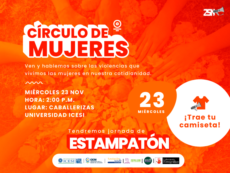 El Observatorio para la Equidad de las Mujeres, OEM, invita a la comunidad Icesi a sumarse a la agenda por motivo del 25 N, Día Internacional de la Eliminación de la Violencia contra la Mujer. Las actividades de la agenda se han organizado conjuntamente con el Semillero Violeta: violencia, género y sexualidad, el Semillero Género, Política y Espacio Público y el Laboratorio Etnográfico.
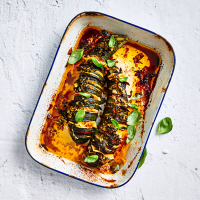 Hasselback courgette met chorizo, oude Beemsterkaas, basilicum-dragonolie.
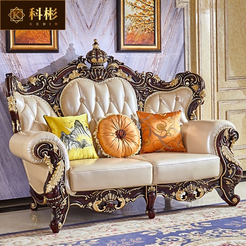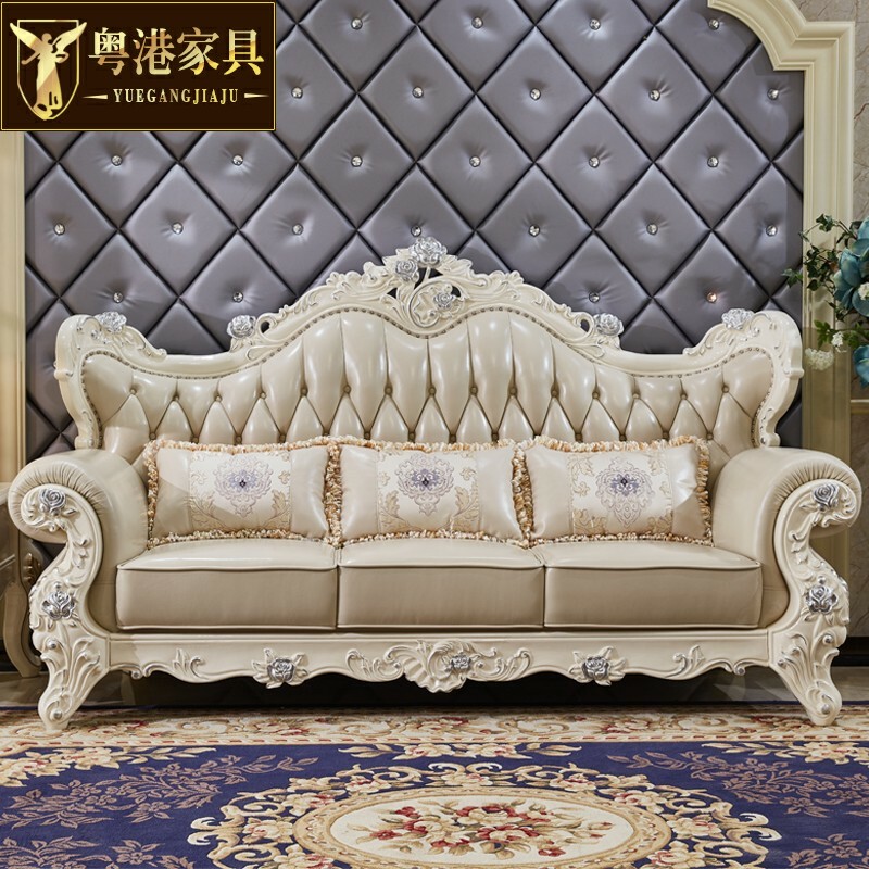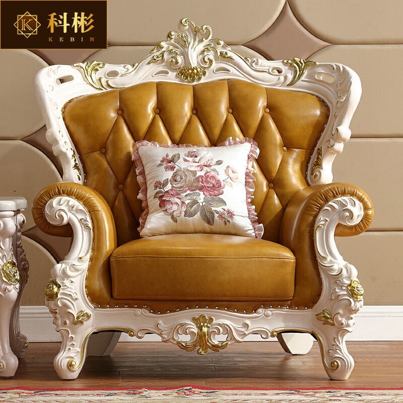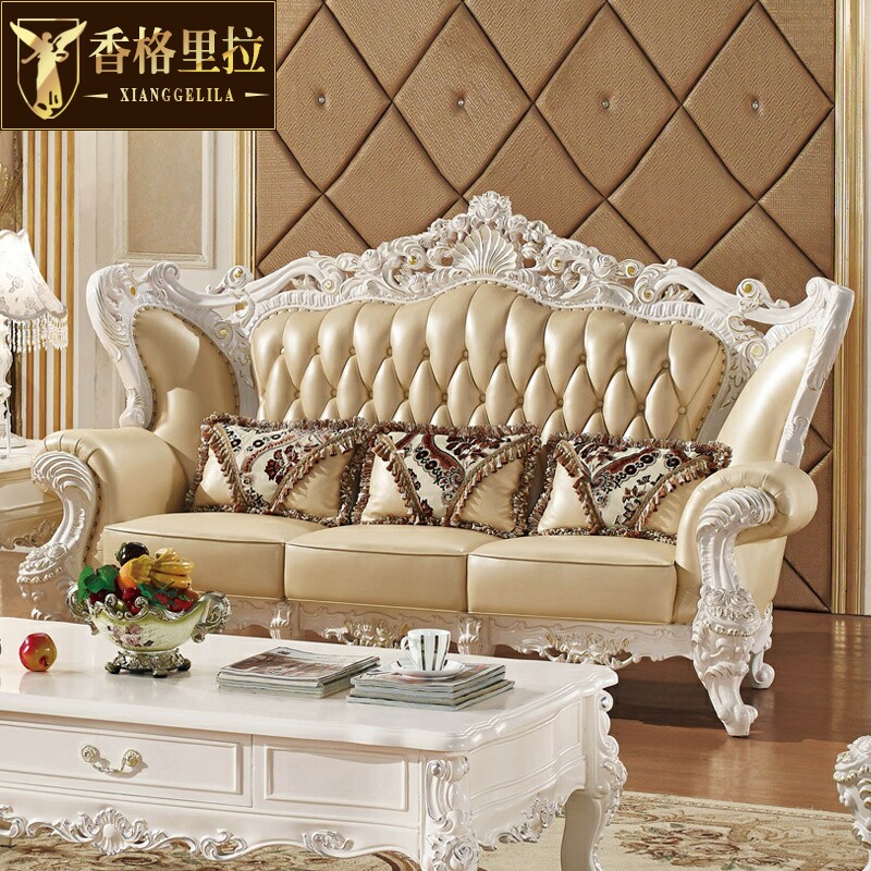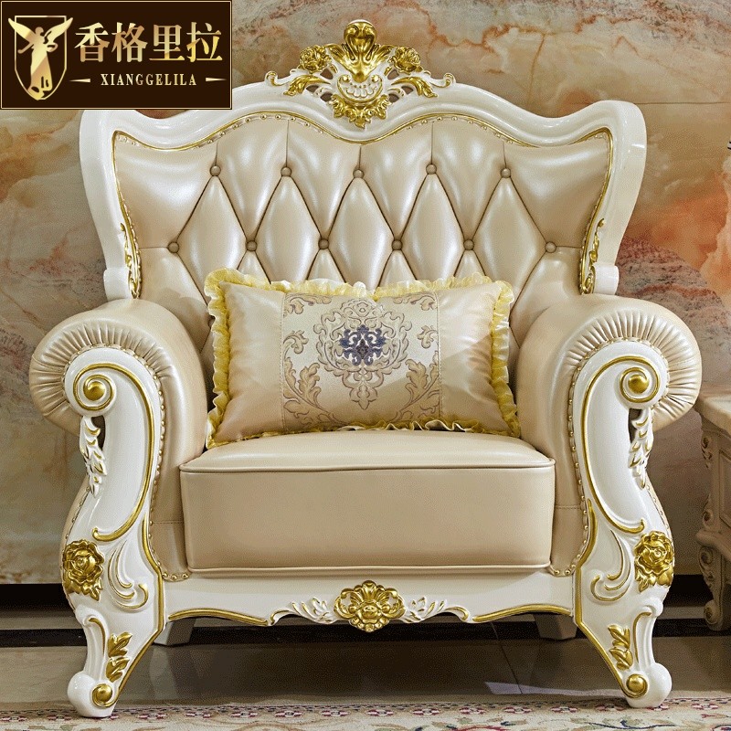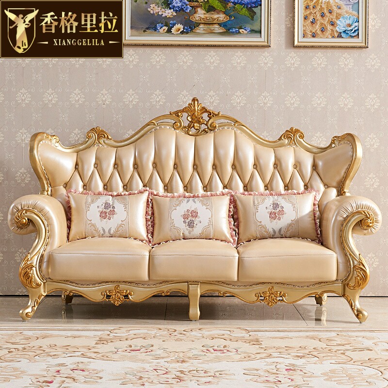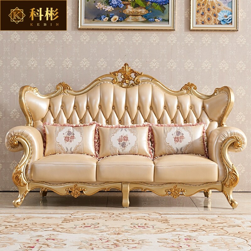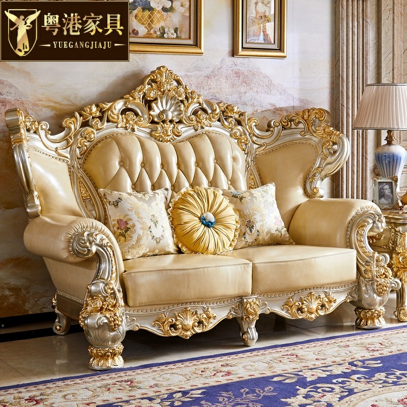 欧式真皮沙发 美式奢华别墅客厅香槟金实木大小户型沙发整装家具

### Task instructions
Set down the entire material verbatim, with each picture left out.

### Written answer
 El Observatorio para la Equidad de las Mujeres, OEM, invita a la comunidad Icesi a sumarse a la agenda por motivo del 25 N, Día Internacional de la Eliminación de la Violencia contra la Mujer. Las actividades de la agenda se han organizado conjuntamente con el Semillero Violeta: violencia, género y sexualidad, el Semillero Género, Política y Espacio Público y el Laboratorio Etnográfico.
 Hasselback courgette met chorizo, oude Beemsterkaas, basilicum-dragonolie.
 欧式真皮沙发 美式奢华别墅客厅香槟金实木大小户型沙发整装家具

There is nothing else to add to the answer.